Above all, Baldridge said, he admired his father, Belve Baldridge, and father-in-law, Thomas Cypert.

Bill Baldridge said he admired his father for his honesty and integrity, and Cypert for his easy-going nature and knowledge of the word of God.

“He and I would sit and talk for hours about the Bible,” Baldridge said. “He was extremely gifted in ministry and very successful.

“Both of them have passed on.”

Baldridge said his long-term goal is to reach as many people as possible at his church, and his short-term goal is to spend time with all of his family members.

Beverly Baldridge described Bill as devoted, thankful, honest and godly.

“He’s been very proud of the [Searcy] Fire Department and all they’ve accomplished,” she said.

More than anything, Beverly said, she admires how Bill loves his family and takes on the roles of father and grandfather.
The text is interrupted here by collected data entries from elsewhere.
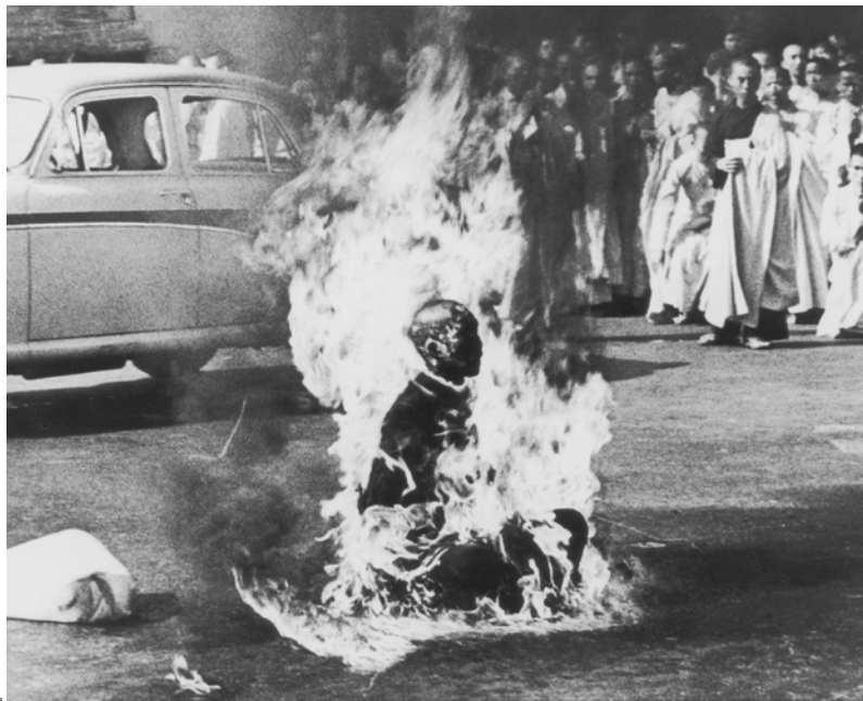
Vietnamese monk's protest by self-immolation before the War. 6

Images of the Vietnam War were also decisive in shaping public debate.
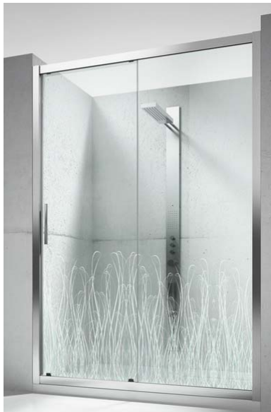
P 15 ORGANIC
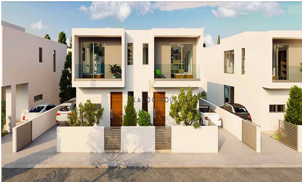
TYPE: A / 3 BEDROOMS
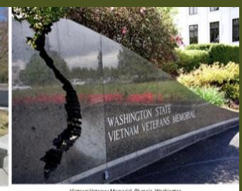
Vietnam Veterans Memorial, Olympia, Washington
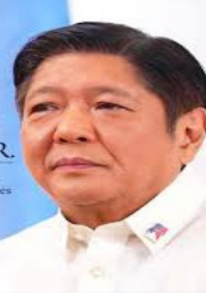
Pres. Ferdinand Marcos Jr.

MANILA – Instead of dragging each other down, President Ferdinand “Bongbong” Marcos Jr. on Monday said the only way to succeed as a nation is to lift each other up by being instruments of peace and solidarity.
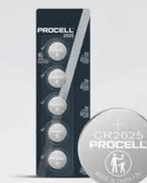
PROCELL LITHIUM COIN 2025 5CT [ PC2025 ]
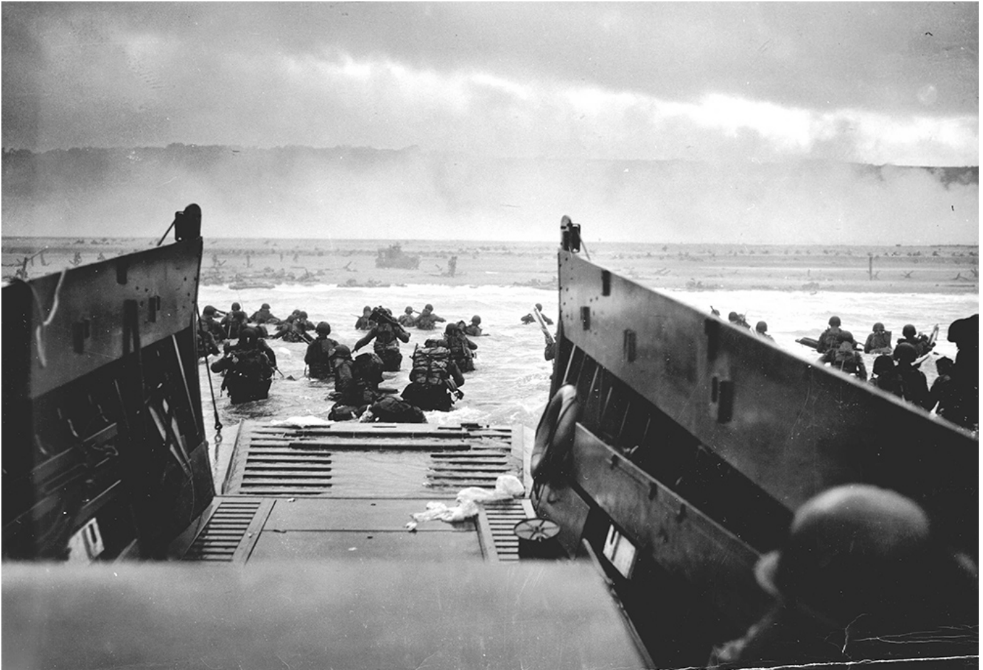
A LCPV (Landing Craft, Vehicle, Personnel) from the U.S. Coast Guard-manned USS Samuel Chase disembarks troops of the U.S. Army's First Division on the morning of June 6, 1944, (D-Day) at Omaha Beach.
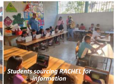
Students sourcing RACHEL for information

World Possible (Mundo Posible), has developed an inexpensive digital library — RACHEL — that provides thousands of electronic books — textbooks, reference books, classics, Wikipedia, other reading material — plus educational videos, games and applications to students with poor or no access to the Internet. This current approved project will provide the following:
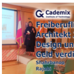
Freiberuflischer Architektenjob, Design und Geld verdienen
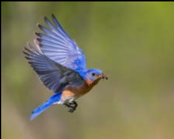
Alan Defoe Eastern Bluebird with Bug 1 st Place, GOLD 92.0 points

“Everybody knows Bill and I are best friends. We do everything together,” she said.

Eddie Hollis, battalion chief of the Searcy Fire Department, described Baldridge as a leader.

“He sees something that needs to be done and expects to see that it gets done,” Hollis said.

Hollis said Baldridge’s passion for the fire service was obvious, and he always kept the department up to date when it came to safety and new equipment.

Hollis said Baldridge’s love for his family is admirable.

Hollis said one thing he will miss about having Baldridge around at work is talking and connecting over life experiences and stories.

“One memorable experience was when our old central station that we shared with the municipal courts caught fire. It was a very long night. The fire was hard to control, driven by the wind that night in November,” Hollis said.

“We fought it hard and finally extinguished the fire. We experienced firsthand what it felt like to lose property to fire, like so many other fires that we have fought for our citizens here in Searcy,” he said.

Hollis said he hopes Baldridge enjoys his retirement, and he’s thankful for all that Baldridge has done for the Searcy Fire Department.

“The city of Searcy has given me a great opportunity and been good to me and my family,” Baldridge said. “I love Searcy, and I’ve been blessed to be here for 22 years. I look forward to many happy days ahead, and I wish all the guys at the Fire Department the best.

“If I had to pick any career right now if I were young again, I would go into the fire service again without a doubt. I love it and have loved it all my life.”